Your instructions
Would you copy the entries that follow exactly, leaving out every picture?

Dataset items
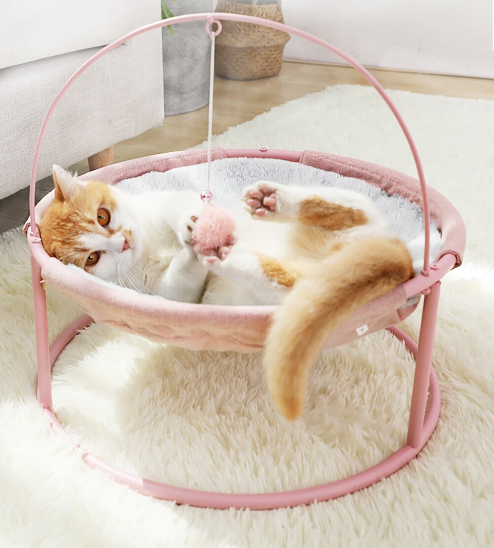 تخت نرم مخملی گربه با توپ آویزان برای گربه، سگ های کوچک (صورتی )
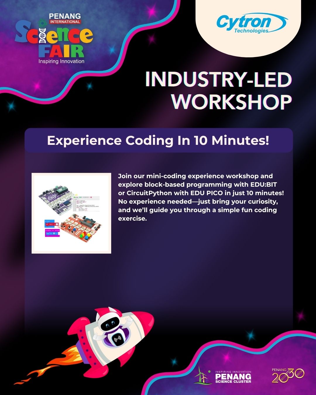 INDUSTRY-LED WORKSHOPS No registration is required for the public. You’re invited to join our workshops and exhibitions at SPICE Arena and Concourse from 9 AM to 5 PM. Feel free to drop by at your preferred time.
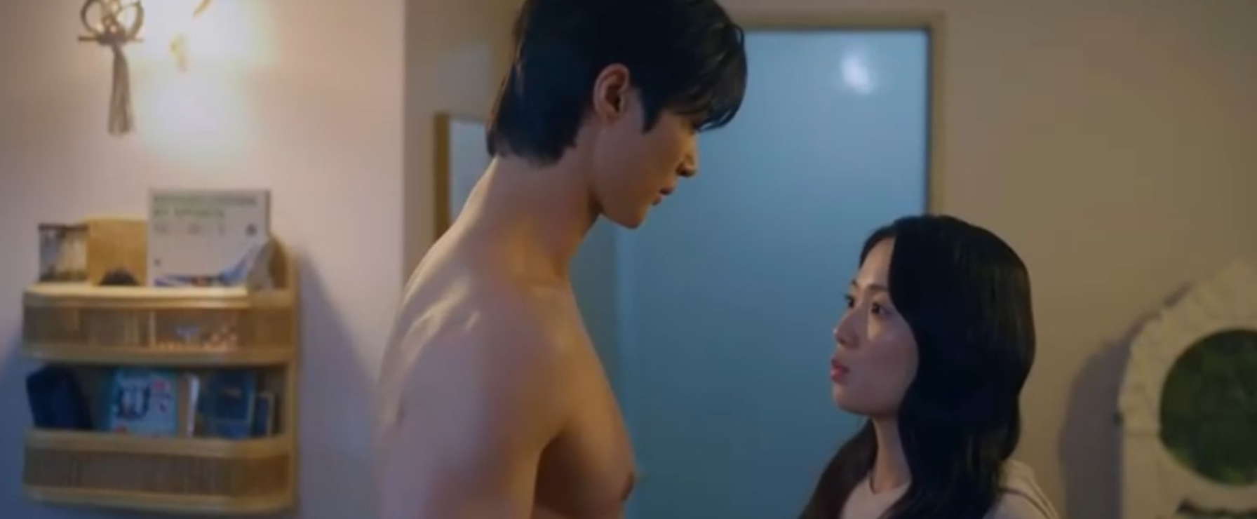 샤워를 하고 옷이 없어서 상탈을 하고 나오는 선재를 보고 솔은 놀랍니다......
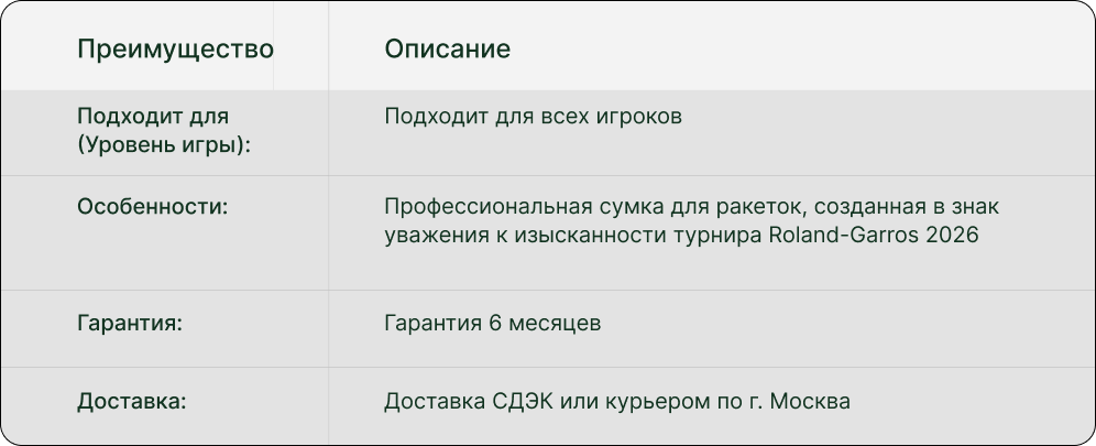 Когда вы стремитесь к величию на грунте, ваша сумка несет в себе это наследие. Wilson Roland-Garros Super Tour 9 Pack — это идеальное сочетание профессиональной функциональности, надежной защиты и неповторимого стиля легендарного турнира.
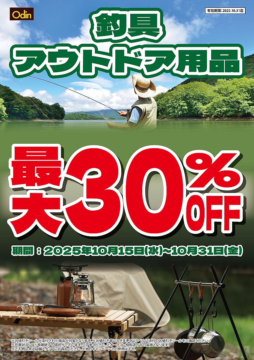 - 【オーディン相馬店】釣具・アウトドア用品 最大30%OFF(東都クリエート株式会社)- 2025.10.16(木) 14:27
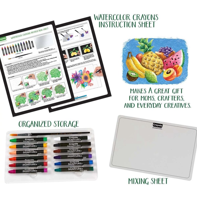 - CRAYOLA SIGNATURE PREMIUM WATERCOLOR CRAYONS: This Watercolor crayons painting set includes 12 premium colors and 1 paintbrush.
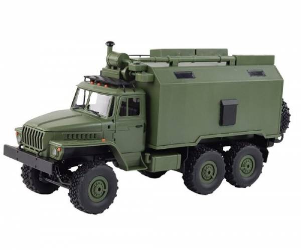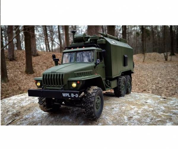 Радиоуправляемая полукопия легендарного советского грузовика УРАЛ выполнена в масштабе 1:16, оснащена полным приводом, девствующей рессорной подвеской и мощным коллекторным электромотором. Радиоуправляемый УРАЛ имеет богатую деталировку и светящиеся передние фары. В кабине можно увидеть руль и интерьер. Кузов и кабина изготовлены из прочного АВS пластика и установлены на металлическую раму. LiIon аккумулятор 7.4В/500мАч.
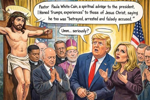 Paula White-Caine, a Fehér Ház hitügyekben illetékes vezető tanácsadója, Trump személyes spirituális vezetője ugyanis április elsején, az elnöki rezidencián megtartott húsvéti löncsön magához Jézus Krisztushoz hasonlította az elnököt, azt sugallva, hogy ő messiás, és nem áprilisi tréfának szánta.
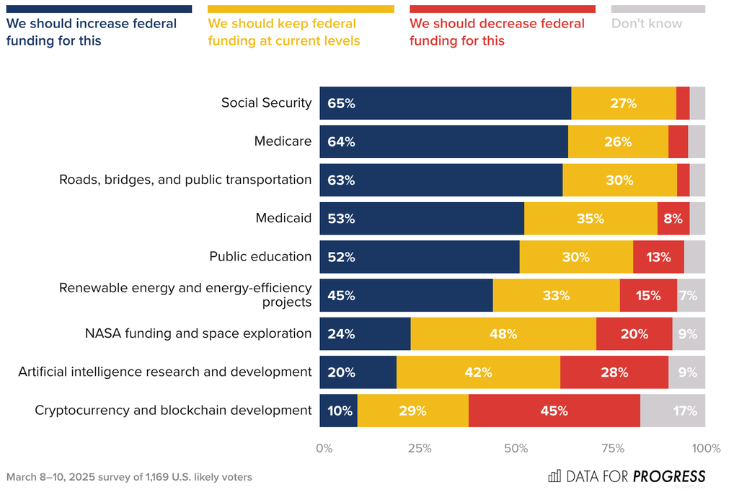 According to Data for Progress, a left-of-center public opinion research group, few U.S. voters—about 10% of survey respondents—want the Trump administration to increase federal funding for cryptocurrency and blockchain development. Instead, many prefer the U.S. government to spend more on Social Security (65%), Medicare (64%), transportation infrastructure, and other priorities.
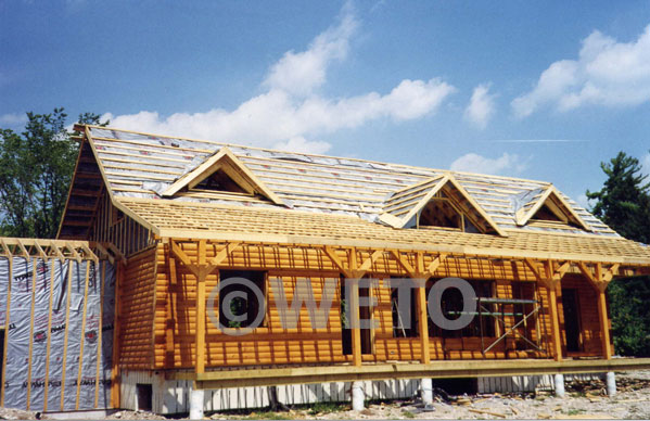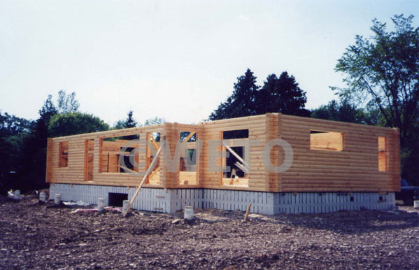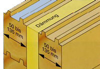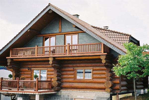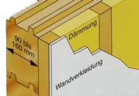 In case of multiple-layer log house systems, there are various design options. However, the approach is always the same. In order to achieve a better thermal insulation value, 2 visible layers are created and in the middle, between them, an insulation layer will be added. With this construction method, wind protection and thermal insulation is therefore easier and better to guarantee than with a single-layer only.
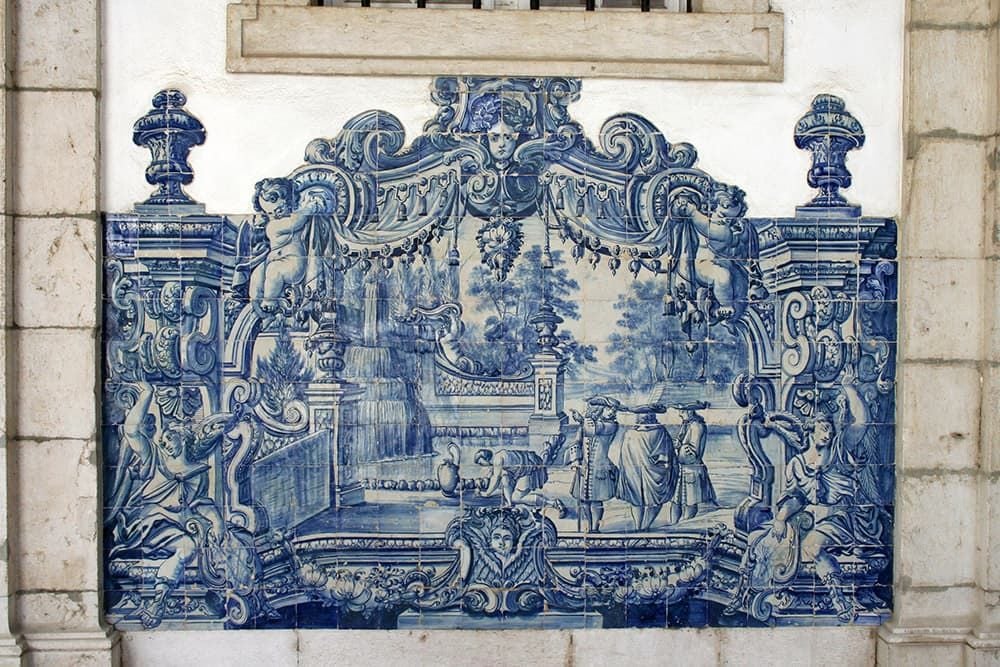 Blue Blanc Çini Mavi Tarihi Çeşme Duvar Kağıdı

Written answer
 تخت نرم مخملی گربه با توپ آویزان برای گربه، سگ های کوچک (صورتی )
 INDUSTRY-LED WORKSHOPS No registration is required for the public. You’re invited to join our workshops and exhibitions at SPICE Arena and Concourse from 9 AM to 5 PM. Feel free to drop by at your preferred time.
 샤워를 하고 옷이 없어서 상탈을 하고 나오는 선재를 보고 솔은 놀랍니다......
 Когда вы стремитесь к величию на грунте, ваша сумка несет в себе это наследие. Wilson Roland-Garros Super Tour 9 Pack — это идеальное сочетание профессиональной функциональности, надежной защиты и неповторимого стиля легендарного турнира.
 - 【オーディン相馬店】釣具・アウトドア用品 最大30%OFF(東都クリエート株式会社)- 2025.10.16(木) 14:27
 - CRAYOLA SIGNATURE PREMIUM WATERCOLOR CRAYONS: This Watercolor crayons painting set includes 12 premium colors and 1 paintbrush.
 Радиоуправляемая полукопия легендарного советского грузовика УРАЛ выполнена в масштабе 1:16, оснащена полным приводом, девствующей рессорной подвеской и мощным коллекторным электромотором. Радиоуправляемый УРАЛ имеет богатую деталировку и светящиеся передние фары. В кабине можно увидеть руль и интерьер. Кузов и кабина изготовлены из прочного АВS пластика и установлены на металлическую раму. LiIon аккумулятор 7.4В/500мАч.
 Paula White-Caine, a Fehér Ház hitügyekben illetékes vezető tanácsadója, Trump személyes spirituális vezetője ugyanis április elsején, az elnöki rezidencián megtartott húsvéti löncsön magához Jézus Krisztushoz hasonlította az elnököt, azt sugallva, hogy ő messiás, és nem áprilisi tréfának szánta.
 According to Data for Progress, a left-of-center public opinion research group, few U.S. voters—about 10% of survey respondents—want the Trump administration to increase federal funding for cryptocurrency and blockchain development. Instead, many prefer the U.S. government to spend more on Social Security (65%), Medicare (64%), transportation infrastructure, and other priorities.
 In case of multiple-layer log house systems, there are various design options. However, the approach is always the same. In order to achieve a better thermal insulation value, 2 visible layers are created and in the middle, between them, an insulation layer will be added. With this construction method, wind protection and thermal insulation is therefore easier and better to guarantee than with a single-layer only.
 Blue Blanc Çini Mavi Tarihi Çeşme Duvar Kağıdı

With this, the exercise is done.